You may not remember Pete Johnson, and if you do, it's probably for his various legal woes. That's a shame. He was a great big smiling Panzer of a man, born Willie James Hammock but nicknamed Pete as a child because, during hot Georgia summers, he liked to chase the Peter Pan ice cream truck down the street. He sang tenor selections from Brigadoon in the clubhouse shower. He liked to ride bareback on a stallion named Black Sea. He tooled around in a customized van that he called The Cisco Kid, which was tricked out as a sort of rolling early-'80s fuckpad: floor-to-ceiling shag carpeting, a refrigerator, a stereo, a TV and a six-bottle wine rack next to the bed. He was a flake of the first order.

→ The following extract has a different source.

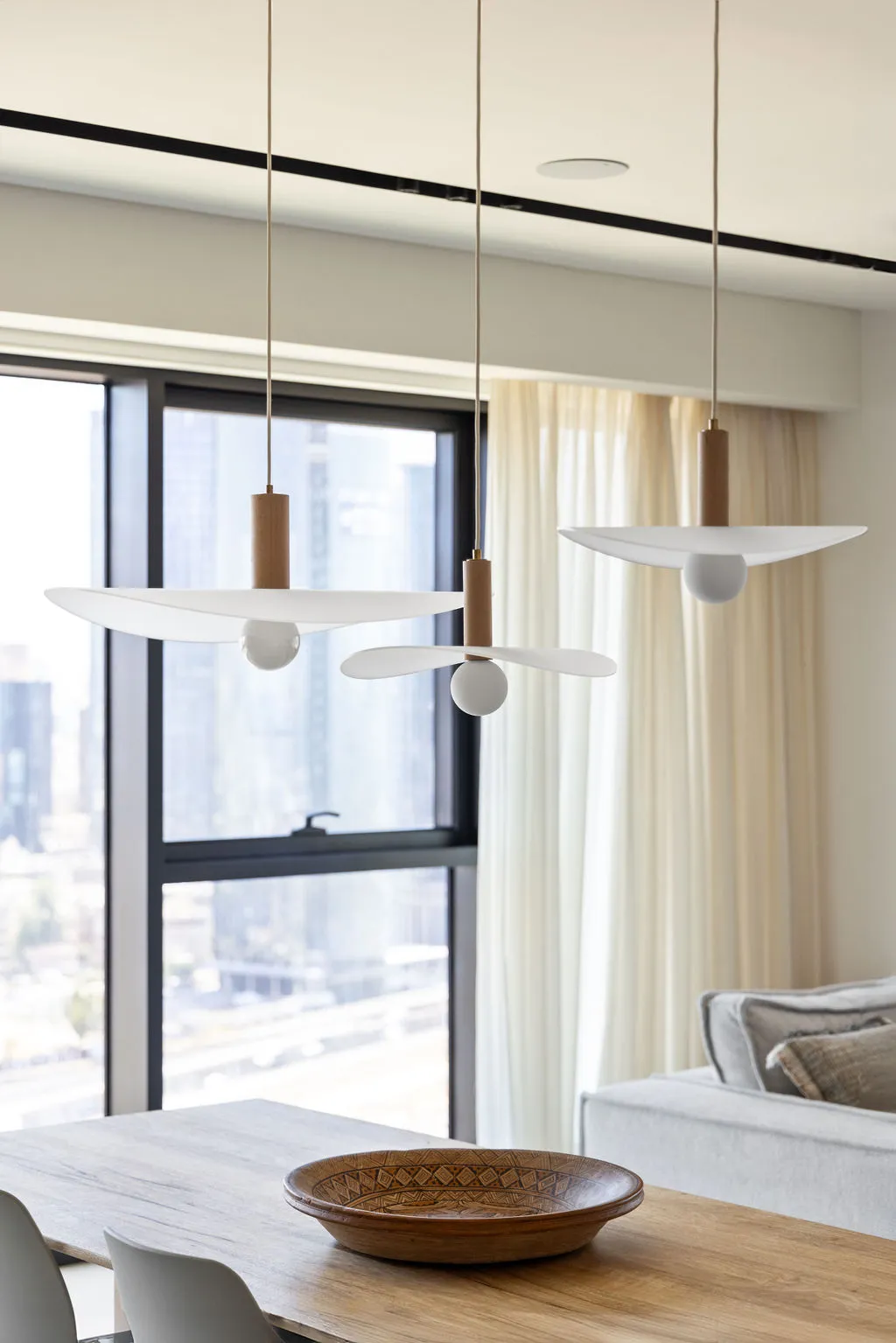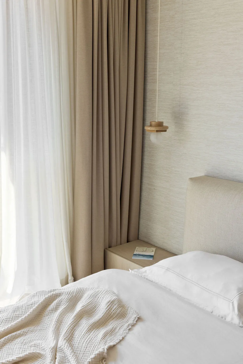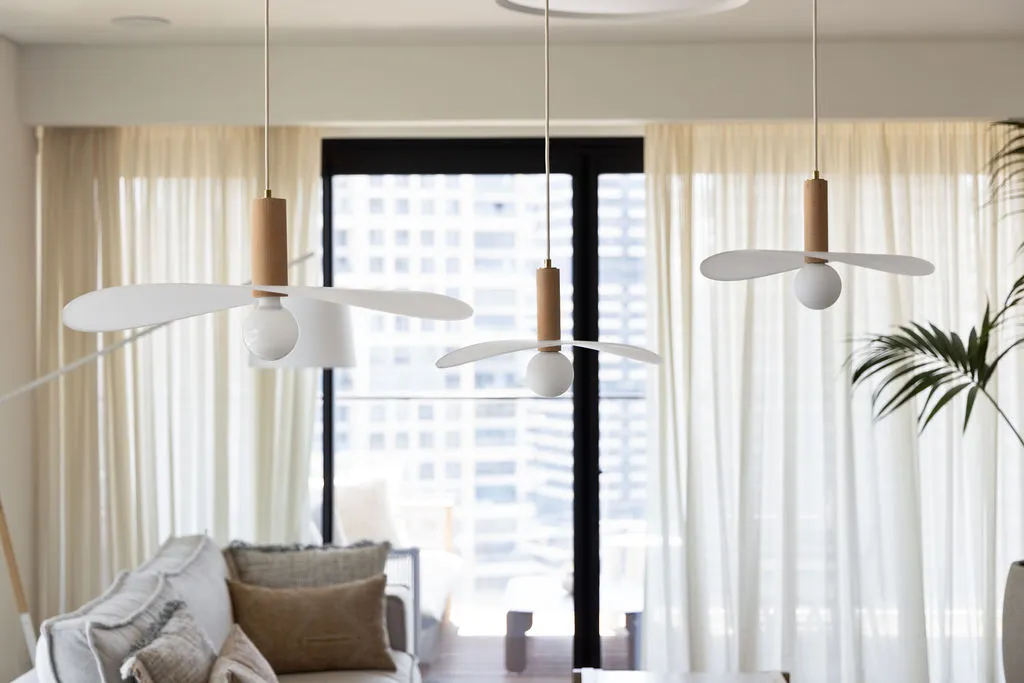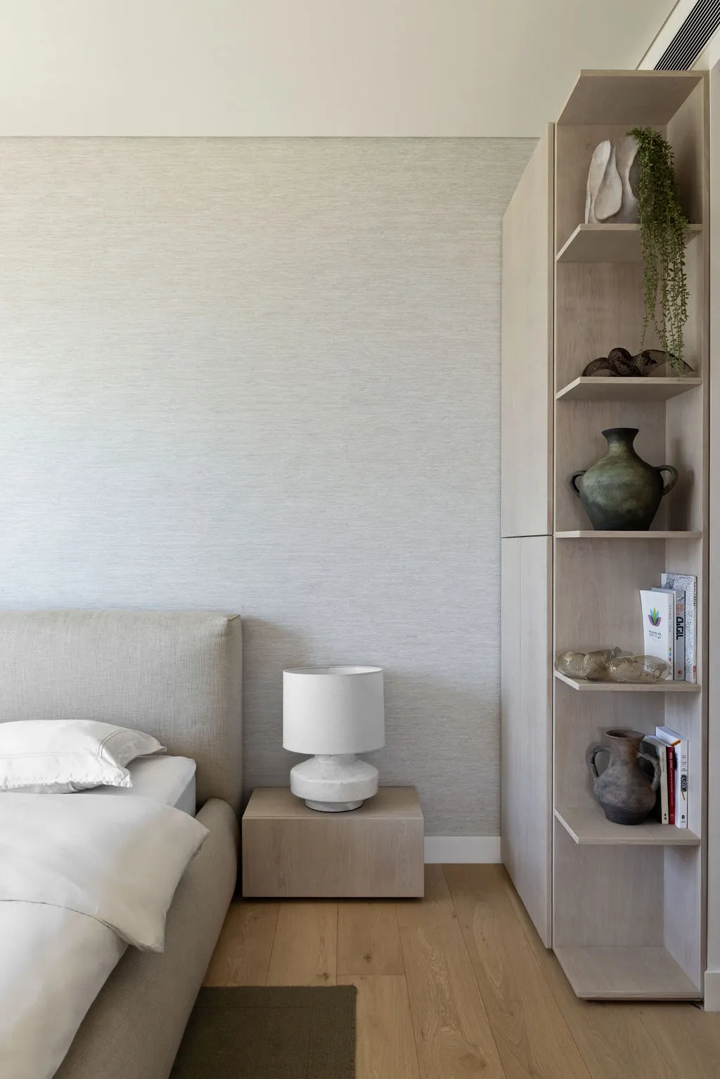 הלבשת הדירה הייתה מסע יצירתי מהפרטים הקטנים ועד התחושה שהחלל משדר, כולל סטיילינג מלא, התאמות חשמל ותאורה ונגרות מותאמת אישית. מתוך האור הטבעי והנוף האורבני פיתחתי שפה חמה והרמונית עם חומרים טבעיים, גוונים רגועים וקווים מודרניים-קלאסיים. שילבתי אלמנטים שמספרים את סיפור הבית – תאורה בעבודת יד, אמנות מקורית, טפט טבעי ורהיטים בנגרות אישית. בחדר הארונות יצרתי עבורם חלל מפנק ומדויק שממשיך את האווירה של כל הבית.

Tracking Johnson down was one thing; getting him to talk football was quite another. Rather than sit still on this occasion, he hauled everyone to a suburban pizza joint where man-sized toy animals decked out like rock musicians "played" Elvis Presley tunes. He listened to questions about his Super Bowl season and his college bowl games. He listened — but he didn't answer. He was watching a giant mechanical sheep play a riff from "It's Now or Never" on electric guitar. "Can't talk now," Johnson said. He offered to meet me the following morning at the team compound. "Eight a.m.," he said. "I promise."

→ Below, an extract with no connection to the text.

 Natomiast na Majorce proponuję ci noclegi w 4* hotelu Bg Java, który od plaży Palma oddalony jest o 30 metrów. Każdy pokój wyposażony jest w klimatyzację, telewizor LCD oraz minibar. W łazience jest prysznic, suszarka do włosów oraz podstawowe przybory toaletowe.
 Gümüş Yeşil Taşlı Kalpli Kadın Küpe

The 2-year-old, who was a little bored, smashed a vanilla ice cream cone against his forehead. Johnson giggled. Soon he was rocking and rolling in time to an ersatz gorilla in a gold lamé suit. The gorilla was the keyboard man for the animal band, which was banging out The King's version of "Fools Rush In (Where Angels Fear to Tread)." "Boy," Johnson said happily, "that organ player sure can jam." He took out his driver's license and pointed to a box he had checked off. "See, I'm an organ donor," he said, laughing at his brilliant wordplay. I wrote down his address, sensing I might need it someday.
Much of this was chronicled in the Sports Illustrated story I wound up writing. What happened next was not, and I suspect it explains a lot of what came before. At 10 a.m. the following morning, Pete Johnson was again AWOL. I drove to his address. I knocked at his front door. When it swung open, I was swallowed up by a cloud of thick, gray smoke. The scent: old-school skunk with notes of pine and juniper.
The smoke cleared and I stood face-to-face with my subject, whose eyes were the color of tomatoes. Ripe tomatoes. He glared at the pen in my right hand. He glared at the notebook in my left. Then he said, "Fuck it, man! I thought you was Domino's."